Tom frowned and turned pointedly back to his textbook. “I’m studying.”
Agatha leaned forward slightly, resting her chin on her hand, eyes dancing with amusement. “You’re… nervous.”
“I am not.”
“You’re absolutely nervous.”
“I have no reason to be nervous,” Tom muttered.
Agatha’s smirk returned. “Didn’t say you did.”
19 September, 1940
The corridor outside the Charms classroom hummed with the late-afternoon chatter of students making their way to the Great Hall for dinner. Tom fell into step beside Orion Black, Livia Nott, and Ruby Rosier, all of them grumbling about the essay Professor Raspin had just assigned.

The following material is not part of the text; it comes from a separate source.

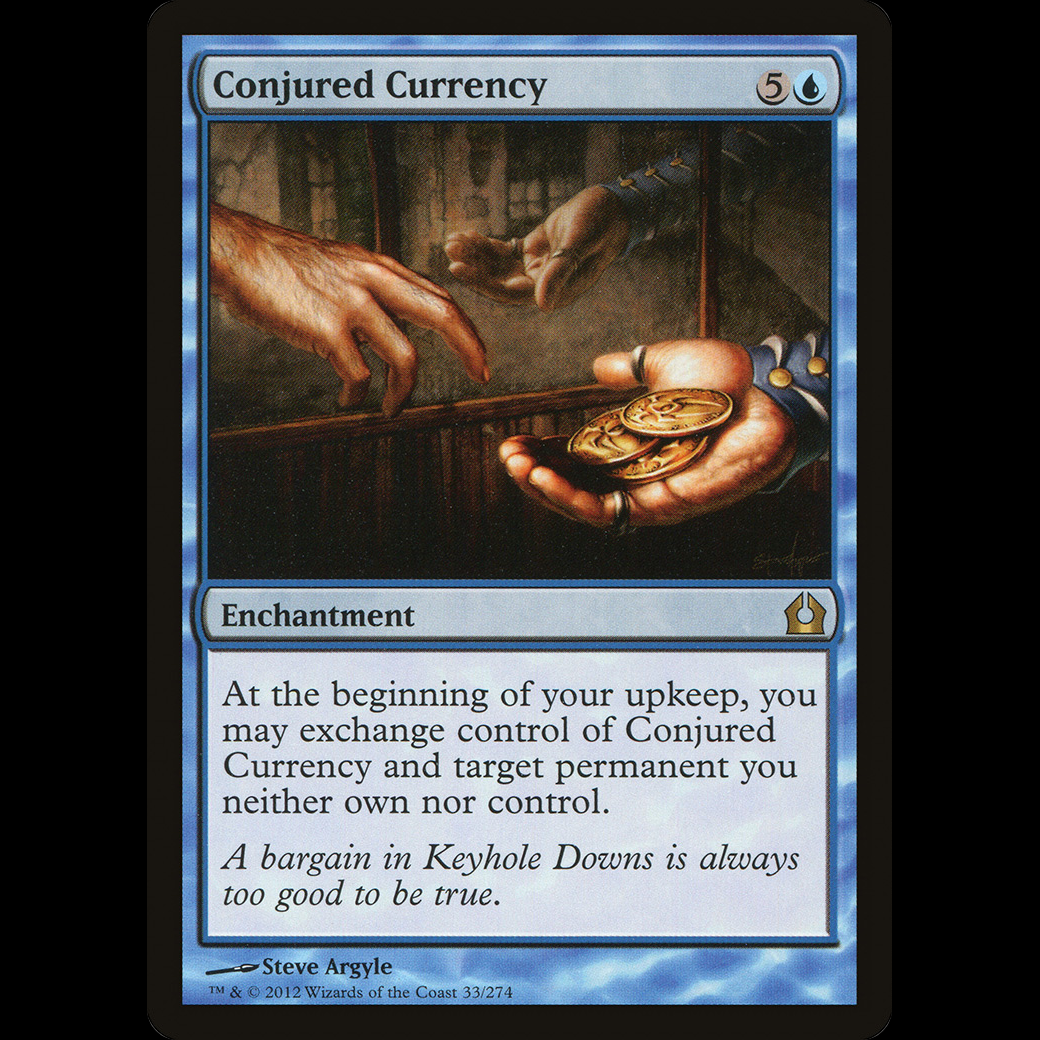 At the beginning of your upkeep, you may exchange control of Conjured Currency and target permanent you neither own nor control.

“Honestly,” Livia sighed, slinging her bag higher on her shoulder. “A thousand words comparing color and shape charms to basic transfiguration spells? As if we don’t have enough to revise already.”
Ruby rolled her eyes. “She said it’s fundamental. I’d rather be practicing than merely writing about it.”
Orion, hands in his pockets as he walked with his usual casual grace, turned to Tom with a crooked smile. “Well, Riddle. You’re the golden boy. What do you think? Is she being ridiculous, or is the essay actually worth real thought?”
Tom was quiet for a moment, thoughtful. “They’re more different than people assume. Charms alter perception and appearance, while transfiguration restructures the object entirely. If you charm an ordinary stone green and shiny, and it’s intrinsically still the same stone. If you transfigure it into an emerald, however, it becomes something else altogether: a transfigured emerald, which is still different from a naturally occurring emerald in that it isn’t magically inert and is therefore magically distinguishable from its ordinary counterpart, but that’s a completely different issue, transfiguration versus transmutation, which bleeds into the study of alchemy.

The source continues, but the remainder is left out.